Die Automatik im Ford Mustang wandlert gemächlich durch ihre drei Stufen auf dem Weg zum Schloss Neuschwanstein. 1,3 Millionen Besucher pro Jahr lassen sich in 35 Minuten durchs Schloss scheuchen, erfahren, was für ein Moderner der Ludwig war, mit elektrischem Klingelsystem für die Bediensteten und Telefon – falls mal der Gerichtsvollzieher, die Sissi oder der vom Kini verehrte Richard Wagner durchläuten.

Schloss Neuschwanstein hat jährlich 1,3 Millionen Besucher

Hier aber war Wagner nie, und als der traurige, bankrotte König am 13. Juni 1886 in den Starnberger See geht, ist Neuschwanstein nicht fertig. Nur 172 Tage hat er hier gewohnt, für ewig soll es für die Öffentlichkeit verschlossen bleiben. Die Ewigkeit endet sechs Wochen nach seinem Tod, da latschen die ersten Besucher durchs Schloss. Schon 1899 sind die Schulden für den Bau durch Eintrittsgelder abbezahlt. Heute kaufen 1,3 Millionen Besucher pro Jahr für 12 Euro ein Ticket ins Märchenschloss, warten mitunter Tage auf Einlass.

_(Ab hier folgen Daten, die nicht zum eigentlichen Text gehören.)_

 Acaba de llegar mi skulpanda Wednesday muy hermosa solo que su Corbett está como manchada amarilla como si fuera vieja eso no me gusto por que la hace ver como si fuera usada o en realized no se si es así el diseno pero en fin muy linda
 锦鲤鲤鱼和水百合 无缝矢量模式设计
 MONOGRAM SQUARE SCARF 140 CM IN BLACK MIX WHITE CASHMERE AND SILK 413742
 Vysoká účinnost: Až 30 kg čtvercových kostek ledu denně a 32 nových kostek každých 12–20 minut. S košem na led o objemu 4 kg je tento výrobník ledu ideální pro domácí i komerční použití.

Wie Fiona aus Hongkong, die hier auf Hochzeitsreise ist. Morgen wird sie das Schloss besuchen, samt frischem Ehemann, mitgereister Zofe und eigenem Fotografen. Der knipst die junge Braut vor allem, was die bayerische Kulisse hergibt: Schlösser, Fahrräder (als hätten sie die daheim nicht), Trecker, Ford Mustang. Wir kurven nach Oberammergau. Dort, weiß der Reiseführer, trägt jeder Mann einen Bart, um als Statist an den Passionsfestspielen teilnehmen zu können. Ansonsten sei der Oberammergauer als solcher Kunstschnitzer. Heute ist er eher Gastwirt oder Souvenirverkäufer. Das touristische Epizentrum stellt der "Käthe Wohlfahrt Christkindlmarkt" dar – er feiert 2014 ebenfalls seinen 50.

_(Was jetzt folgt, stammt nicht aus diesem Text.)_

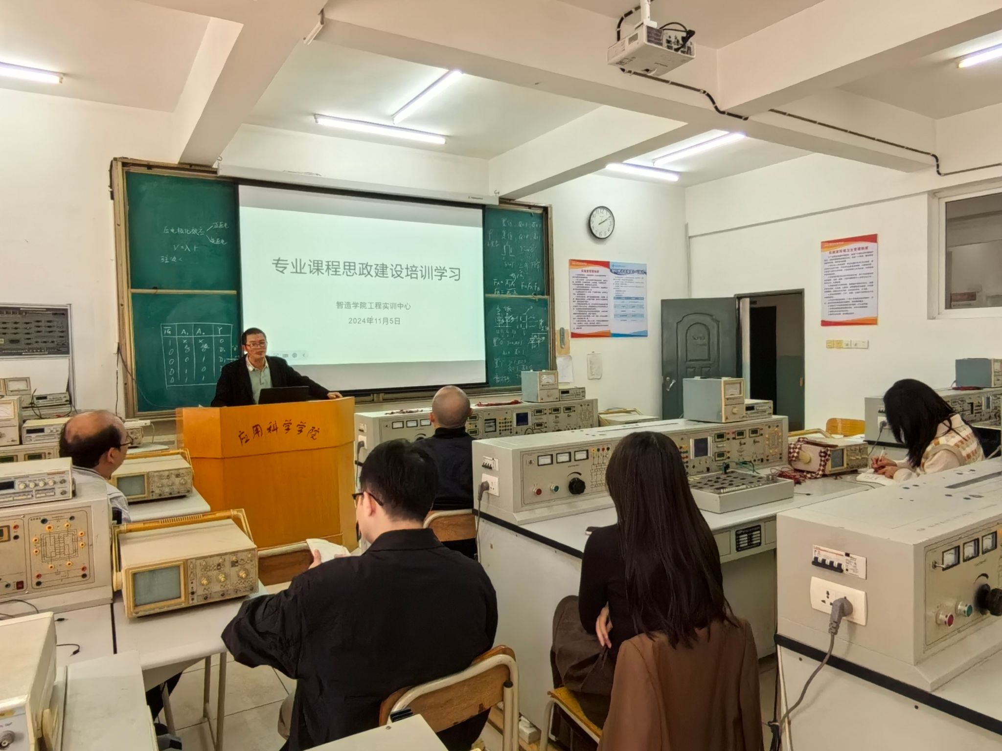 本网讯:11月05日,​太阳集团tyc539macau实训中心于工程楼S302教室举办专业课程思政建设培训学习活动。本次培训的主要内容是如何在专业课程中融入思政内容,旨在加强教师思政意识,提升专业课程与思想政治教育的融合效果。此次会议由实训中心主任钟涛生主持,实训中心全体人员参加会议。
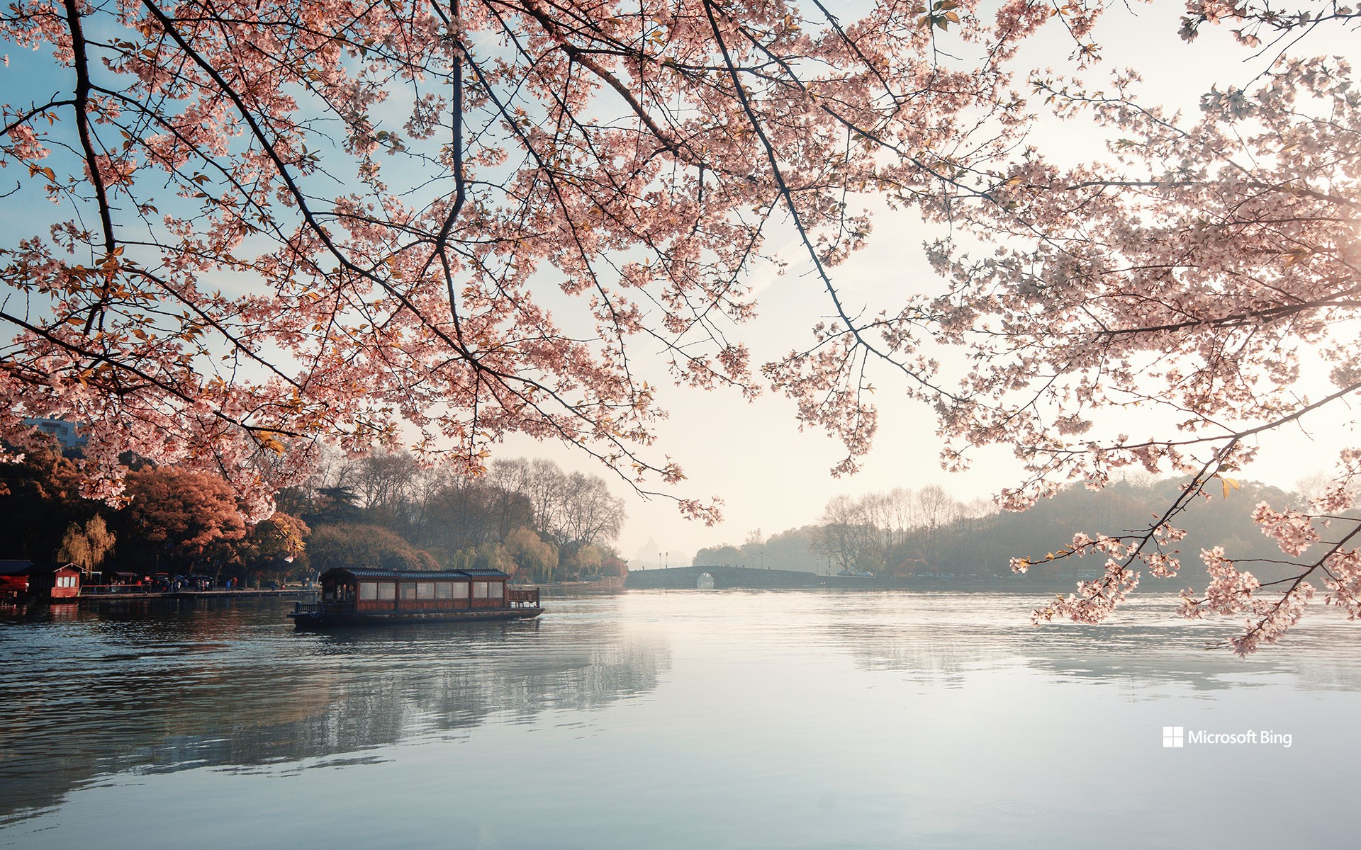 许多花卉都在春分之后慢慢绽放,例如樱花就是春季具有代表性的花卉之一。中国古时已确有多种樱花。秦汉时期,樱花栽培就已应用于宫苑之中,距今已有2000多年的历史。唐朝时,已普遍栽种在私家庭院中。在园林美化造景中,樱花可群植形成“花海”景观,或列植为行道树,或列植种在湖畔旁。今日图片中为您带来的是杭州春季盛开的樱花和湖面的游船,这正式一处欣赏春日园林水景的绝佳之处。

Mit dem Ford Mustang auf der Autobahn

Seit 1964 hat sich auch die Begeisterung für den Ford Mustang kaum gelegt – na gut, die Generationen drei bis fünf (1979 bis 2004) blenden wir gnädig aus. Jedenfalls wurden wir noch nie so oft handyfotografiert und daumenhochgereckt gegrüßt. Die Ovationen enden auch auf der Autobahn nach Westen nicht. Sie passt dem Mustang besser, all diese Kurverei macht ihn flau in der Lenkung und schummrig im Fahrwerk. Auf "the legendary Autobahn" darf er einfach rollen, findet selbst die Linie. Und als es später den Wischern nicht mehr gelingt, den Regen von der Frontscheibe zu schubsen, und dem Verdeck nicht mehr, ihn draußen zu halten, stoppen wir an einem Diner – für das im Reiseführer erklärte Weißwurstritual ist es eh zu spät. Auch an die empfohlenen 300 Meilen am Tag halten wir uns nicht. Morgen geht’s weiter.

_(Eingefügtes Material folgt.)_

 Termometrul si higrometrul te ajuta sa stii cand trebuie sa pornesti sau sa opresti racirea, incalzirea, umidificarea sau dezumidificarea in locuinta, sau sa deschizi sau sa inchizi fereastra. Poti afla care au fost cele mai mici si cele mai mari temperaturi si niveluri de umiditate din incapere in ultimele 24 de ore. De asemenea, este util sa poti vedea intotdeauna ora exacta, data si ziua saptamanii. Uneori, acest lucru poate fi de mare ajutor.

Da schunkelt das Cabrio, das nie ein Sportwagen war, über die B 37 am Neckar entlang, rumpelt durch die Mittelaltergassen der Stauferresidenz Bad Wimpfen, tourt weiter nach Heidelberg. Schon 1878 lobte Mark Twain das seit 1693 kaputte Schloss: "Um gut zu wirken, muss eine Ruine den richtigen Standort haben. Diese hätte nicht günstiger gelegen sein können." Womit bis heute eigentlich alles über Heidelberg gesagt ist – außer dass hier 1963 der Kinderteller erfunden wurde. Noch heute lieben Amerikaner die Stadt, eine Million Touristen kommen pro Jahr. Wir stellen das Cabrio auf die begehrteste Fotoposition: Schloss im Frühnebel, Alte Brücke, Ford Mustang.
Kitsch? Pah, das hier ist der Mustang, seit 50 Jahren Gefährt des amerikanischen Traums. Also Zündung. Der Windsor-V8 brodelt los, Wählhebel auf D. Gas. Kitsch me if you can.